Institutions like Film and Television Institute of India (FTII) and Satyajit Ray Film and Television Institute (SRFTI), not under the purview of the MHRD, increased the fee for the entrance test to Rs. 10,000 – more than most private institutions. A hunger strike by students forced a rollback, but the tuition fee has also nearly doubled over the past few years.
Rohan Patil, an engineering student in Pune who hopes to join FTII said: “The recent hike in [exam] fee definitely affects the examination. Even if people have the skill to crack it, many are unable to afford the fee. Examination fees must be kept low. Now that it has been reduced, we can expect more students to register.”
The Centre has offered no practicable roadmap on how institutions that have relied on public funds for decades may be weaned off without affecting the access of disadvantaged students to quality education. There must be a “thought process” before a hike, said Sopory. “How much fees must be increased, if it is required, will the fee be raised annually or every 10 years – I don’t think much thought is given to this.” If a hike is necessary, a committee should be formed for all central universities, added Thorat.
The absence of long-term planning results in sudden increases that directly impact students, are highly unpopular and yet, make little difference to the larger problem of shrinking resources. “During my tenure as the VC [of JNU], we calculated – the same way it has been done now – what would happen if we increased the fee by Rs. 300,” said Sopory. “We realised we would become inaccessible to students from economically weaker backgrounds but the university would still not be able to generate more than Rs. 2-3 crore. Is this amount too much of a burden on the government?”
Even the fee-hikes in technical programmes are not always explained convincingly. Raghunath K. Shevgaonkar, former director of IIT Delhi, believes the increase for the IITs’ undergraduate programmes was “to some extent justified” – although there were protests – but not the proposed increase for the M.Tech programme. In September, the IIT Council which governs the institutions proposed a 10-fold hike in fees to deter students who are simply waiting for jobs.“If a student has to pay a heavy fee for M.Tech without any scholarship, they will simply withdraw,” said Shevgaonkar. “This will have a long-term impact on research output. If you look at the IITs, their UG students go abroad after B.Tech. It was the M.Tech students who were serving the nation by working in various PSUs or research labs.

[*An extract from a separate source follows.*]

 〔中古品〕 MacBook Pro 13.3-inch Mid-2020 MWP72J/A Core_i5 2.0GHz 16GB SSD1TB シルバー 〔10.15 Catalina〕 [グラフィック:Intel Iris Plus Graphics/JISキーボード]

Even if some students left the course in between to join some job, that does not mean the entire programme must be killed.”
In 2017, the Centre made its most radical effort yet to restructure higher education finance. It established the Higher Education Finance Agency (HEFA) to extend infrastructure loans to higher educational institutions by mobilizing funds from the market. This aimed to replace the capital grants to IITs and central universities with loans. The interest on the loans would be paid through the Centre’s budget but institutions were expected to pay the principal amounts from their “internal accruals” made through research and consultancy. As their annual reports show, at the time, no IIT – let alone general universities – generated enough revenues to repay the amounts they had to borrow.

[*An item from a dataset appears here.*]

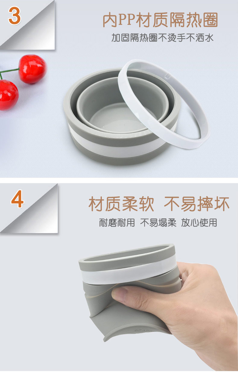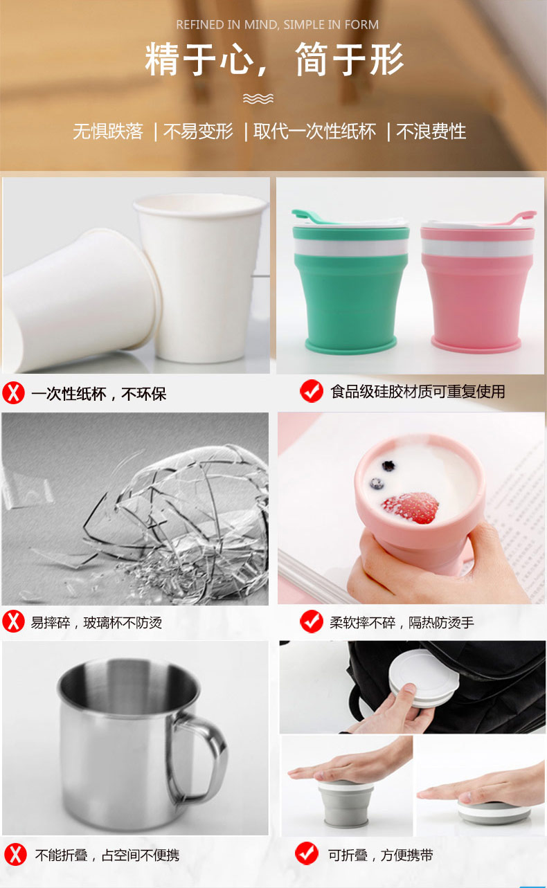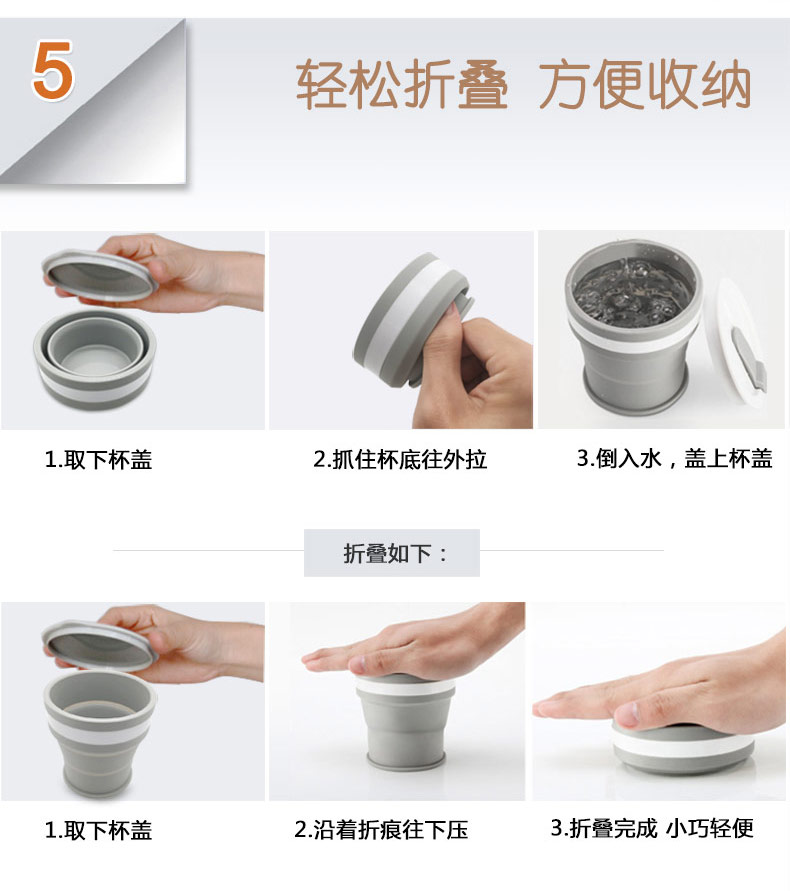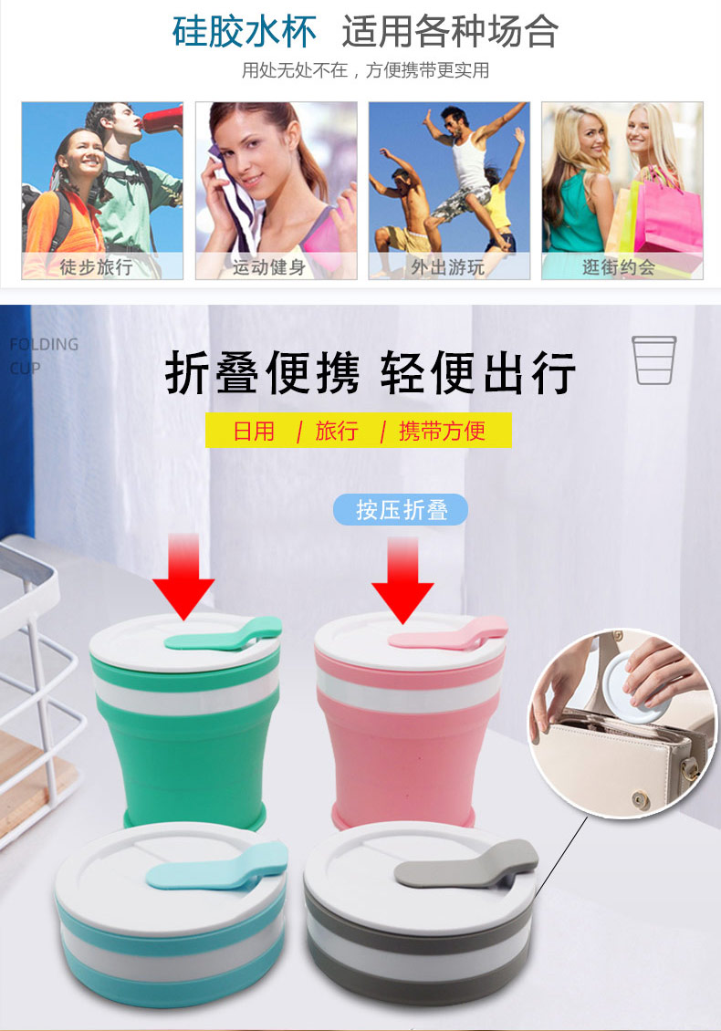 折疊式硅膠水杯成為運(yùn)動以及郊游的便攜物品之一,水喝完后直接折疊放入口袋減小儲物空間替代了對水壺和瓶裝礦泉水的不足, 完全顛覆了消費(fèi)者對硅膠折疊水杯的看法,硅膠折疊杯是一種攜帶方便、使用衛(wèi)生、具有雙層杯壁的折疊杯。外壁的兩個相鄰段通過螺紋連接,內(nèi)壁的兩個相鄰段為錐形配合,可上下移動。通過外壁螺紋旋轉(zhuǎn)驅(qū)動內(nèi)壁上下展開,實現(xiàn)杯形折疊和拉伸動能。

The HEFA is directly responsible for much of the anxiety over funds. Institutions have launched endowment funds, hoping to attract donations. IIT Delhi has received an initial commitment of Rs. 250 crore but the universities are less likely to receive such generous support.
Thorat said: “I do not think any public university can generate its own funding, some of the faculty members generate their funding through research projects. In foreign countries public institutions get full funding, then they also generate some money through endowment or research projects.”